Effects on degree of control.

The salient outcome of the simulations along the Chosen River was the fact that the degree of control there was very high using the standard kill rates of Schedule 0.05 and the standard degradation rate of 1.5% per day. Thus, after completing the five years of Phases 1, 2 and 3 operated in sequence, virtually no flies remained in the middle sections of the treated part of the river, representing a 99.99999% control there (Fig 6A, Schedule 0.05 and Fig 6B, 1.5% degradation). In contrast, the actual levels of control achieved in the field campaign were of the order of only 99.0% [5]. Hence, while kill rates of Schedule 0.05 combined with the degradation rate of 1.5% had seemed to produce good simulations of the field results of Phase 1, such rates gave control that was up to five orders of magnitude too great in Phase 3. The implication seemed to be that by the time that Phase 3 was reached in the field the kill rates could have declined and/or the degradation rate could have increased. To assess how much the rates might have altered, simulations were run in which the standard Schedule 0.05 and the 1.5% degradation were applied for the combination of Phases 1 and 2, followed by the changed rates for the whole of Phase 3. These changes involved keeping the degradation rate at the standard 1.5% and varying the kill schedule, or keeping to the standard kill schedule and varying the degradation. The results showed that to simulate the average field level of control of around 99%, the kill rates had to be reduced to about a third or the degradation rates had to be enhanced about three-fold (Fig 6A and 6B). Adopting the kill and degradation rates that gave realistic degrees of overall control, the percent control near the source of the river was around one order of magnitude greater than at the extreme downstream end of the treated section.

Download:

Fig 6. Data for the tsetse population along the Chosen River for the last six months of control in the simulations of Phase 3 of the field work of Hope et al. in NW Uganda [5].

The data cover the average percent of males plus females remaining (A,B), the average numbers of females per km² of habitat (C,D) and the average percent of females of age >40 days (EF). For A, C and E the degradation rate in the whole of Phase 3 was held at 1.5% while the target treatments involved kill shedules of 0.01 to 0.05. For B, C and F the kill shedule was fixed at 0.05 while the degradation rate varied from 1.5% to 5.5%. Each of the variants of control implemented in Phase 3 was preceded by the standard control in Phases 1 and 2, comprising the kill shedule of 0.05 and 1.5% degradation. The graphs identified as "NC" refer to data before any control, i.e., prior to Phase 1. The plots start at the source of the river, near the main watershed, and go downstream in a predominantly eastward direction. Irregularities in the graphs correspond to points at which the size of the river changes, or tributaries enter.
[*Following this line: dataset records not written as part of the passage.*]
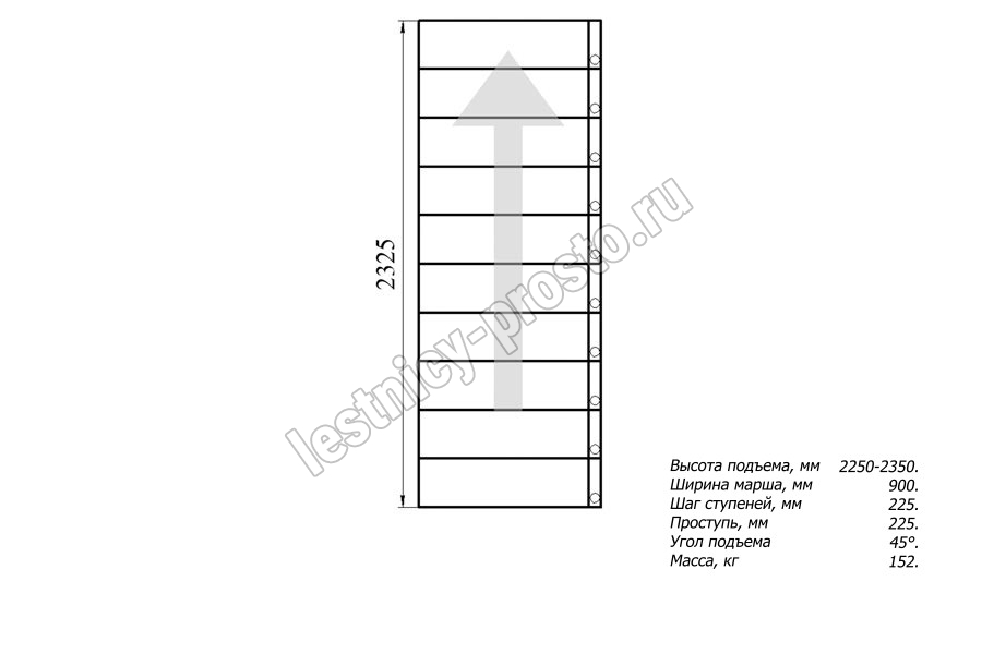 Модульная лестница Стандарт 2250-2350, Белый, Сосна, Нержавеющая сталь
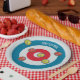 Eine Vektorgrafik, die das Haus einer Curling-Blatt mit Curling-Steinen um das zentrale Ziel zeigt. Design für jeden, der den Wintersport des Curlings Liebe.
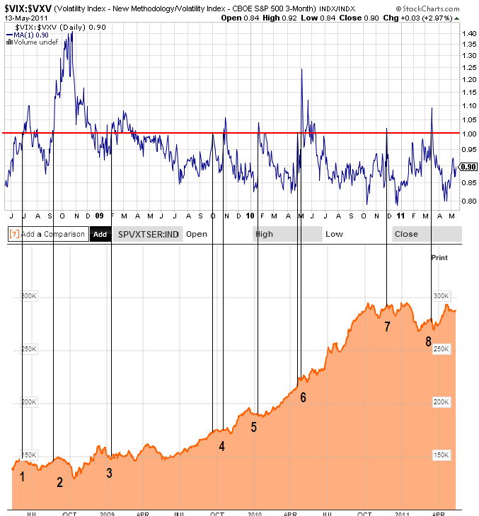 Las líneas negras unen los momentos en que el ratio VIX:VXV llega por vez primera a 1 y el momento en que se dio en el índice SPVXTSER que hipotéticamente es como se tenía que haber comportado el ETN XVIX de haber existido en los último tres años.
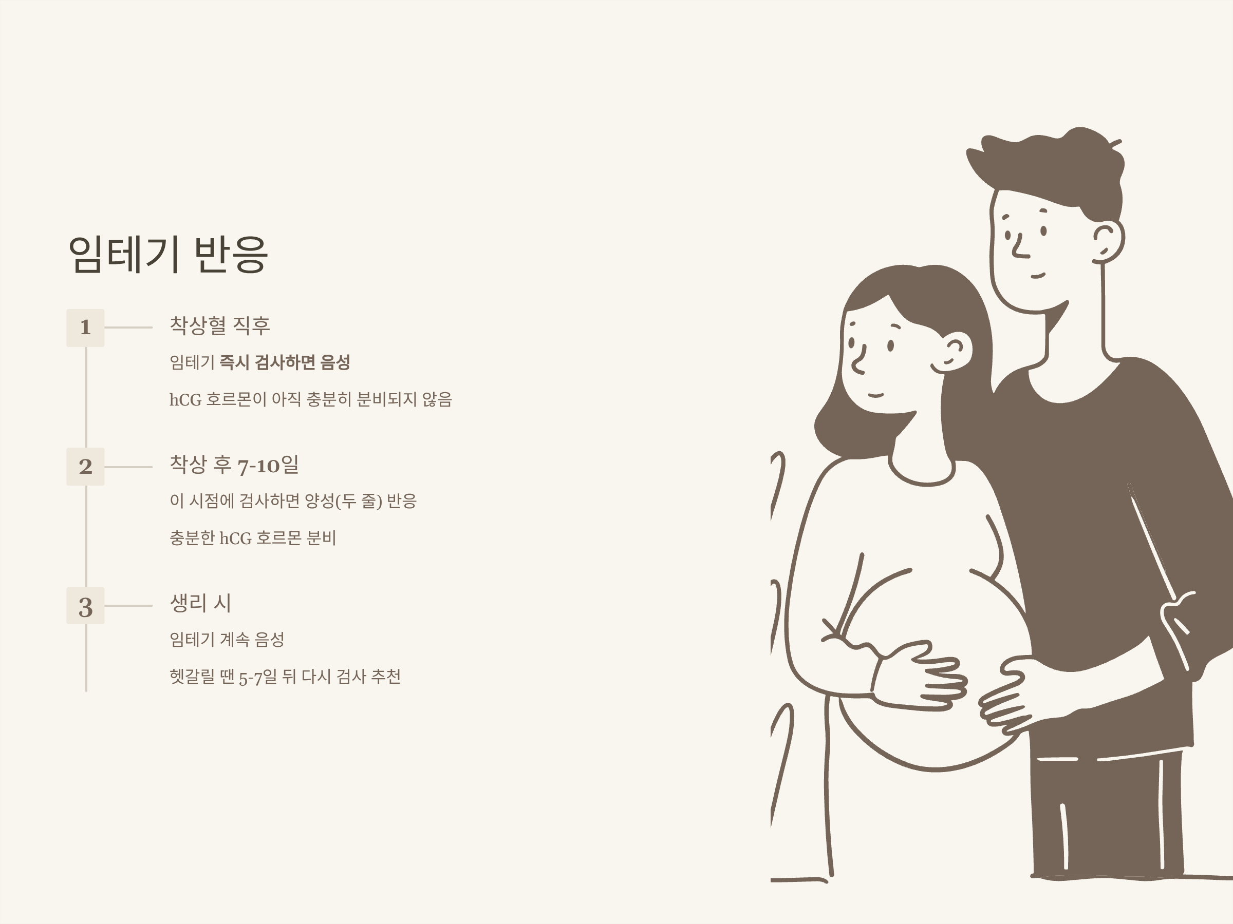 - 생리라면 계속 음성, 착상혈이면 며칠 후 양성 가능
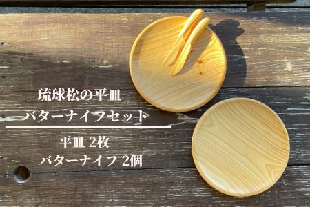 沖縄県国頭村 琉球松(リュウキュウマツ)の平皿(大)&バターナイフセット 33,000円 出典:ふるなび
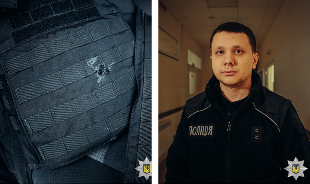 Поліцейські зреагували миттєво. Богдан кинувся до озброєного чоловіка, прикривши собою жінку з дитиною. У цей момент пролунала постріл. Дріб влучив у бронежилет поліцейського, що врятувало йому життя.
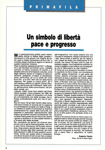 Mi è particolarmente gradito quale responsabile Attività di Massa MGDC porgere il benvenuto ai mille giovani che insieme ad illustri ospiti e relatori partecipano all'Euro Gio' e al tempo stesso illustrare le ragioni e il senso di questa importante iniziativa.
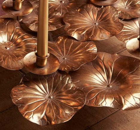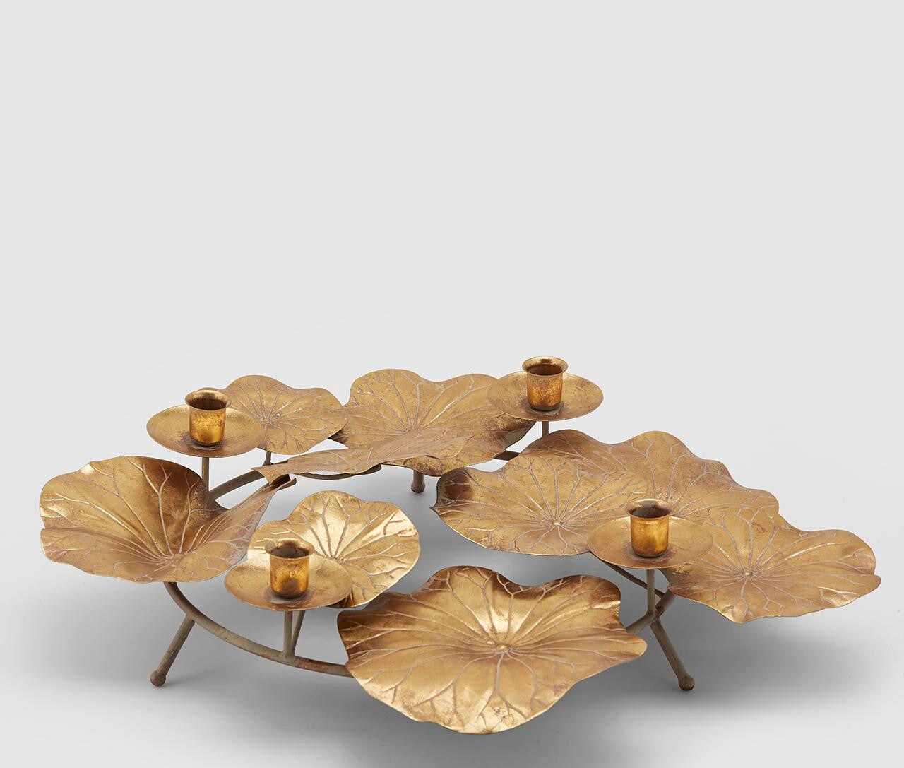 Castiçal Folhas Ninfea dourado em metal, com pés de apoio, ideal para um centro de mesa.

Notice that the scale of the Y axis on E and F starts at 20%, not zero.

https://doi.org/10.1371/journal.pntd.0011578.g006

To emphasise that there appeared to be a substantial change in the dynamics of control between Phases 1 and 3, simulations of Phase 1 were rerun with the low kill rates or high degradation rates that were needed to account for the relatively low levels of field control at the end of Phase 3. Such simulations showed that the average percents of males plus females remaining in the target treated areas of Phase 1 were 53% and 35% for the kill rates of Schedules 0.01 and 0.02, respectively, and 38% and 43% for the degradation rates of 4.5% and 5.5%, respectively (S3 Table). Thus, while low rates of kill and/or high rates of degradation were needed to simulate the field results of Phase 3, such rates adopted for simulations of Phase 1 produced degrees of control that were one to two orders of magnitude poorer than the field results of Phase 1 [5]. The implication is that the basic efficacy of the target operation in Phase 1 was indeed substantially better than in Phase 3.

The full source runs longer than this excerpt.